_Exercise inputs_

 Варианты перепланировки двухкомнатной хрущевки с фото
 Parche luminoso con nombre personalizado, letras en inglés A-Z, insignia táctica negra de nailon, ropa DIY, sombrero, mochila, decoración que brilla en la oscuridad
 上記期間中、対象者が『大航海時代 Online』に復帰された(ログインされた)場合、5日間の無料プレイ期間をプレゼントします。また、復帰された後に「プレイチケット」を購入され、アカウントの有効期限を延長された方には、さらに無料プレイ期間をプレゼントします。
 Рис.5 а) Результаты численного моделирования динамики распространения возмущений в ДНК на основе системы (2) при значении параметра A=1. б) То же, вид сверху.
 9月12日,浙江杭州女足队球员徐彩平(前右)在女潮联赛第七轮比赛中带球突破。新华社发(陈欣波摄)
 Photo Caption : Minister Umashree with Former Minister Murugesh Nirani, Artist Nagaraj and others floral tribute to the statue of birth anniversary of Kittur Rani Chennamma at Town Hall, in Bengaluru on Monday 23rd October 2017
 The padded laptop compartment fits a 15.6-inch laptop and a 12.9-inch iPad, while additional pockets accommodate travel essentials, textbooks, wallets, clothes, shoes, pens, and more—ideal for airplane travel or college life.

* * *

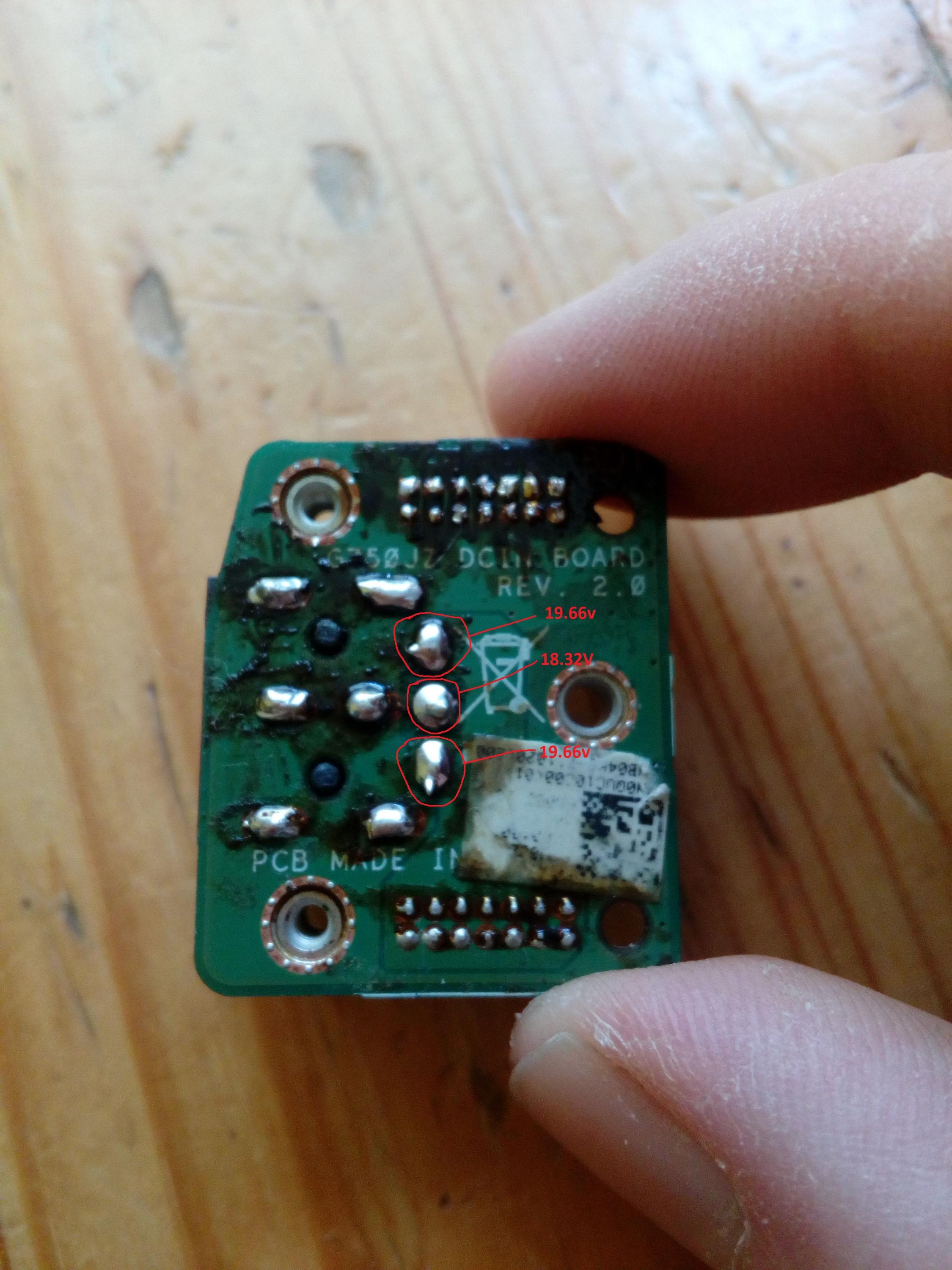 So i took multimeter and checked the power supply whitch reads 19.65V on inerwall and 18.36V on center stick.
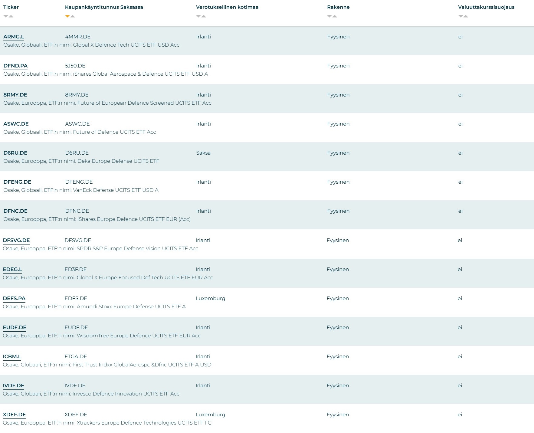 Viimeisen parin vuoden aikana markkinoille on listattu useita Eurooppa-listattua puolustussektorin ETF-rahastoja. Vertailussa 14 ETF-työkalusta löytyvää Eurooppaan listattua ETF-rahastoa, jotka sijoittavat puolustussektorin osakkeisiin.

* * *

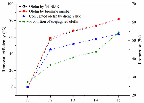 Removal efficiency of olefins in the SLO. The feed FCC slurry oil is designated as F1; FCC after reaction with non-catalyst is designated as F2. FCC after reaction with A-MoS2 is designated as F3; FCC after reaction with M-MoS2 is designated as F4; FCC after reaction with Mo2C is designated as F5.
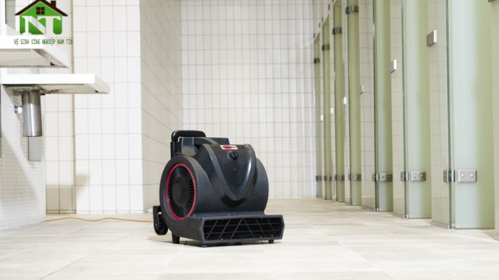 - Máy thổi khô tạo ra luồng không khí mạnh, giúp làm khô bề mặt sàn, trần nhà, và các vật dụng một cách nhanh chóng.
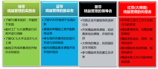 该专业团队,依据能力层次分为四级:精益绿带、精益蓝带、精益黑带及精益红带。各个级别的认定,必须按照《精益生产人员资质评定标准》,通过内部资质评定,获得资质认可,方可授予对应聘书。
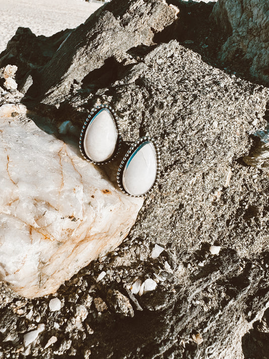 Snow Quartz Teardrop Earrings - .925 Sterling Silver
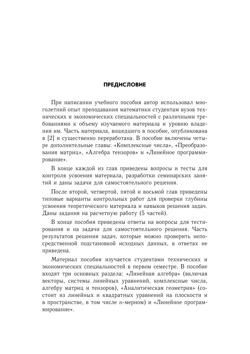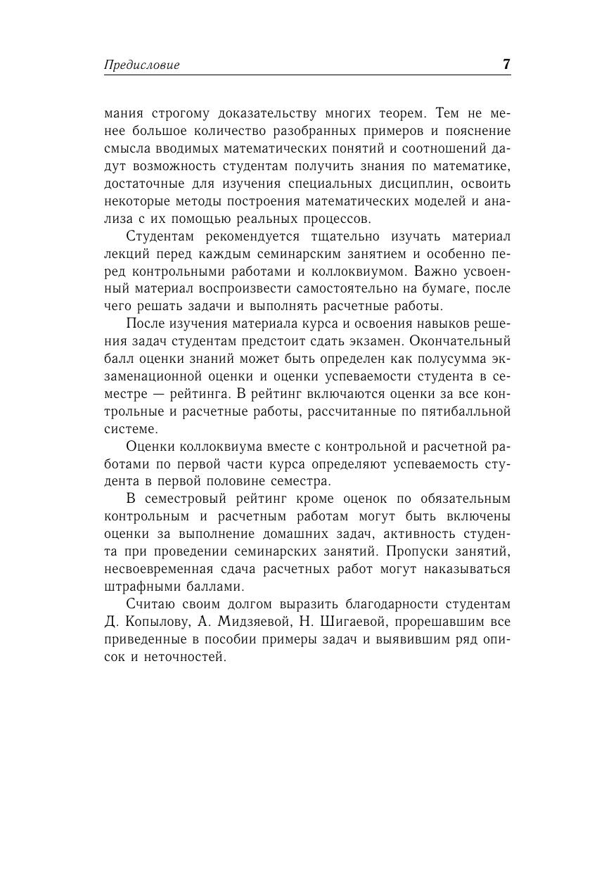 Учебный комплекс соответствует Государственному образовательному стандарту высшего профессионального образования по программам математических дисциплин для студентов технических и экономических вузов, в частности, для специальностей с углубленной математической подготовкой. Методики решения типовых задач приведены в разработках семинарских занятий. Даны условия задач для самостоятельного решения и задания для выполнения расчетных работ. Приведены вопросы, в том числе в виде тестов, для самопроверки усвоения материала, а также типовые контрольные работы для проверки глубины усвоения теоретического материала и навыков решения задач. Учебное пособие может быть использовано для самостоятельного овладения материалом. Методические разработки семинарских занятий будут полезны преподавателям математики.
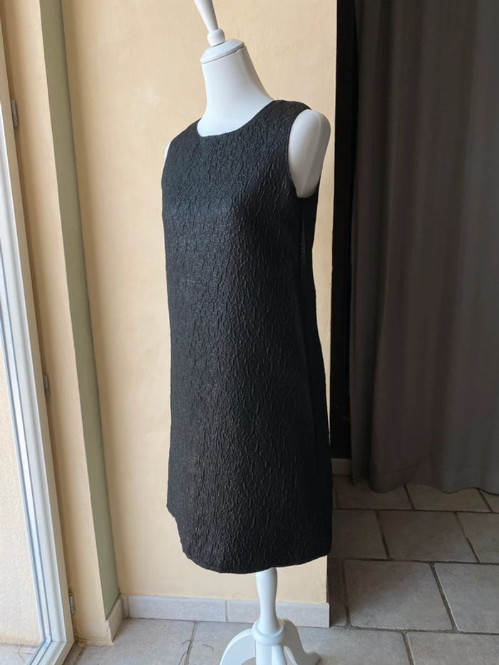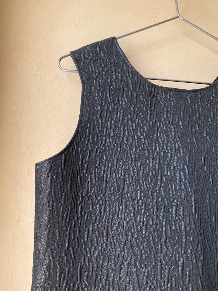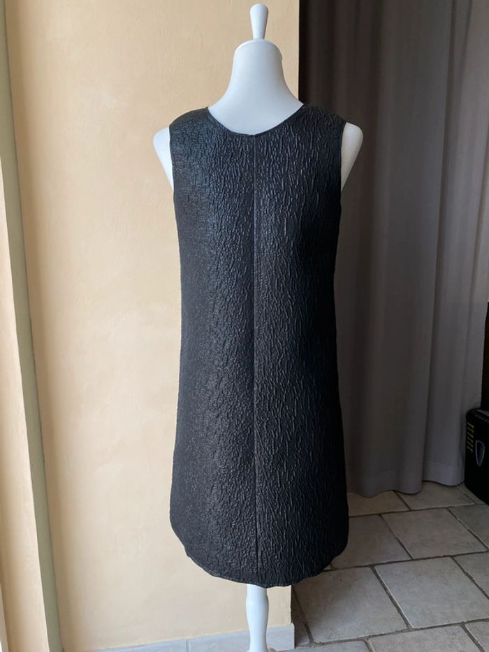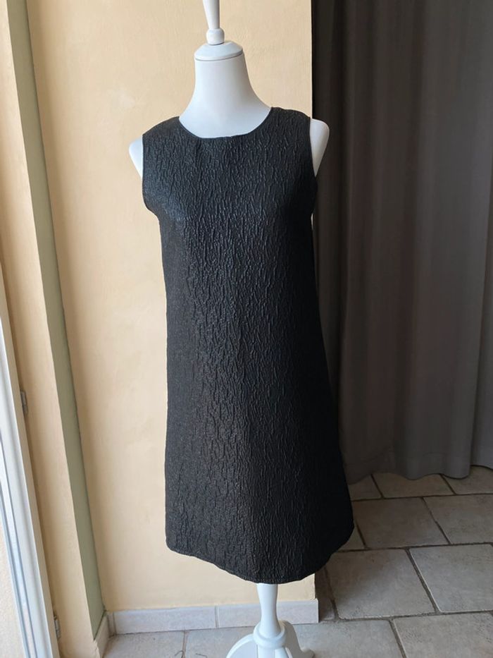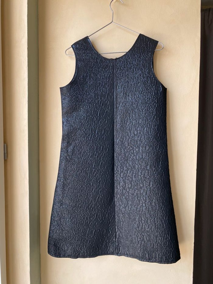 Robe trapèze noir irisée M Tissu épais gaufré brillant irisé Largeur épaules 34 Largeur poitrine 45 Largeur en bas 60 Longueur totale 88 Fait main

_What is required_
After locating the line with "9月12日,浙江杭州女足队球" in the material above, return it and each line after it exactly, ending at the line with "The padded laptop".

_Task result_
 9月12日,浙江杭州女足队球员徐彩平(前右)在女潮联赛第七轮比赛中带球突破。新华社发(陈欣波摄)
 Photo Caption : Minister Umashree with Former Minister Murugesh Nirani, Artist Nagaraj and others floral tribute to the statue of birth anniversary of Kittur Rani Chennamma at Town Hall, in Bengaluru on Monday 23rd October 2017
 The padded laptop compartment fits a 15.6-inch laptop and a 12.9-inch iPad, while additional pockets accommodate travel essentials, textbooks, wallets, clothes, shoes, pens, and more—ideal for airplane travel or college life.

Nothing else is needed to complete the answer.